Muchos otros investigadores han encontrado la mismo. De hecho, un reciente estudio y un revisión de la investigación en las redes sociales y la depresión concluyó que las redes sociales son uno de los el menos Factores influyentes en la predicción de la salud mental de los adolescentes. Los factores más influyentes incluyen antecedentes familiares de trastorno mental; exposición temprana a la adversidad, como la violencia y la discriminación; y factores estresantes relacionados con la escuela y la familia, entre otros. A finales del año pasado, las Academias Nacionales de Ciencias, Ingeniería y Medicina publicaron un informe Y concluye: “Las investigaciones disponibles que vinculan las redes sociales con la salud muestran efectos pequeños y asociaciones débiles, que pueden verse influenciadas por una combinación de buenas y malas experiencias. Contrariamente a la narrativa cultural actual de que las redes sociales son universalmente dañinas para los adolescentes, la realidad es más complicada”.
Esta es la razón por otro investigadores y yo no compran las historias que se cuentan sobre los adolescentes y las redes sociales. La ola de miedo más reciente la desató Jonathan Haidt. La generación ansiosa, cuyo extracto apareció en esta revista.
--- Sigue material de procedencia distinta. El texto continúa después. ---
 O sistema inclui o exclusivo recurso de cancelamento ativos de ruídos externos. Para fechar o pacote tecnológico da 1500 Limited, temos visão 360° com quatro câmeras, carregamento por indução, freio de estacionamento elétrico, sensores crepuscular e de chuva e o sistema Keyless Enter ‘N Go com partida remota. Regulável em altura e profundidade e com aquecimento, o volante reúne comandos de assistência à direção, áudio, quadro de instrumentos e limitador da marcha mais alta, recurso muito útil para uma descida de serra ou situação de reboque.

Haidt afirma que una “infancia basada en el teléfono” en la década de 2010 reconectó los cerebros de nuestros hijos y provocó una epidemia de enfermedades mentales, especialmente entre las niñas; Ha escrito sobre este tema durante años.
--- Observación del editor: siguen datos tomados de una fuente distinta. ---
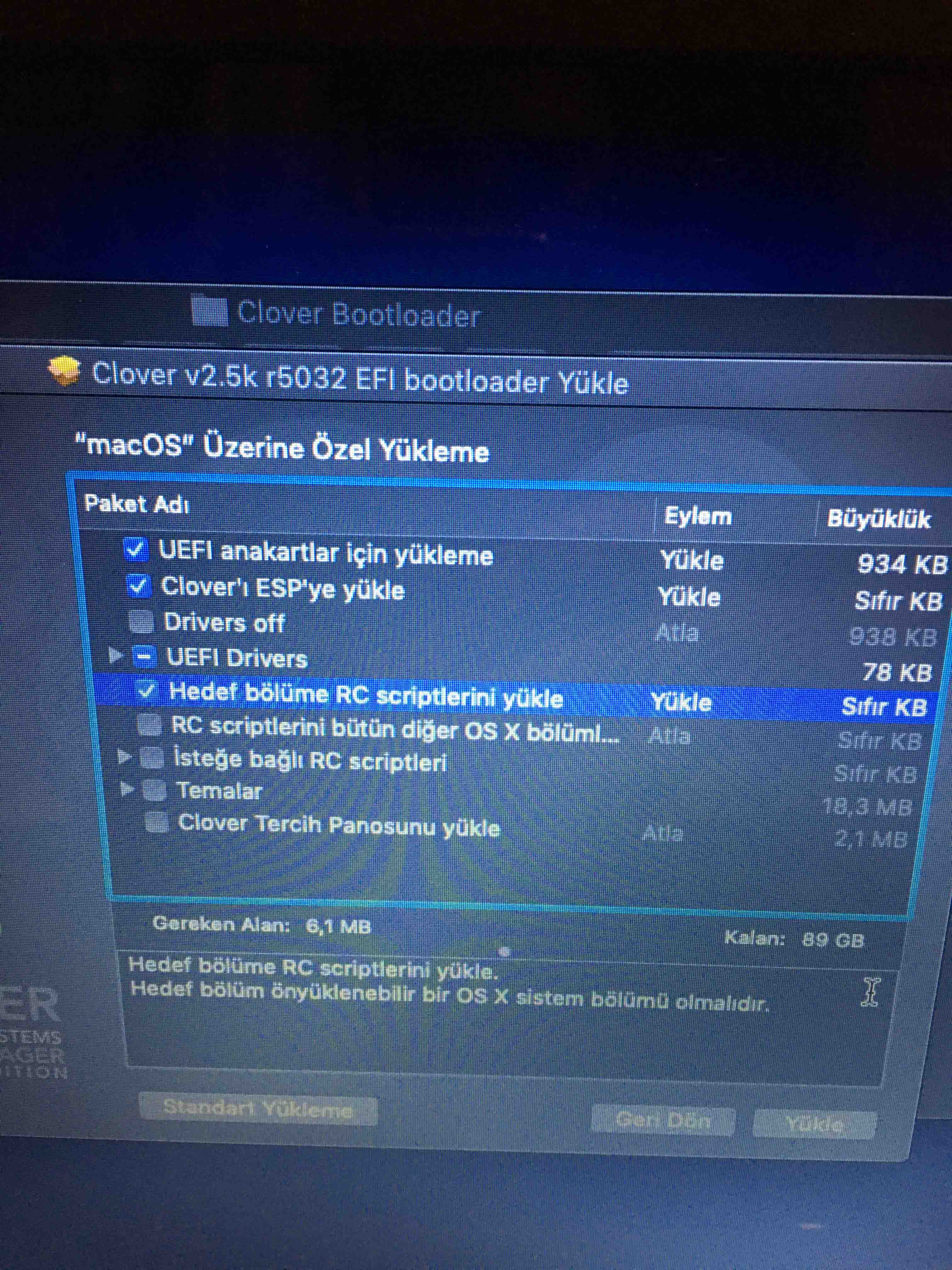 Yüklerken hiçbir sorun yaşamadım fakat usb siz boot etmek için gereken işlemleri yaparken resimde görülen hatayı aldım.

Por supuesto, Haidt no es el único que afirma que estas aplicaciones causan este tipo de problemas. Las redes sociales han sido comparadas con heroína uso en términos de su impacto y se le ha culpado por cosas como la disminución de los puntajes en las pruebas y que los jóvenes tengan menos sexo.
Estas historias poseen un atractivo intuitivo: las redes sociales son relativamente nuevas y constituyen un fácil chivo expiatorio. Pero la adolescencia siempre ha sido una época de preocupación: es la edad pico de aparición de una serie de trastornos mentales graves, y hay muchos estadísticas alarmantes sobre la salud mental de los adolescentes en este momento. Los cuidadores están asustados y la gente simplemente intenta hacer lo correcto para los jóvenes. Nadie quiere que sus hijos sean explotados en línea, ni que se les alimente con información errónea o contenido sexualmente explícito y violento. Señalar directamente con el dedo a los teléfonos inteligentes y las redes sociales ofrece a las personas enemigos comunes y desagradables. Pero simplemente no sabemos si estos son los objetivos correctos.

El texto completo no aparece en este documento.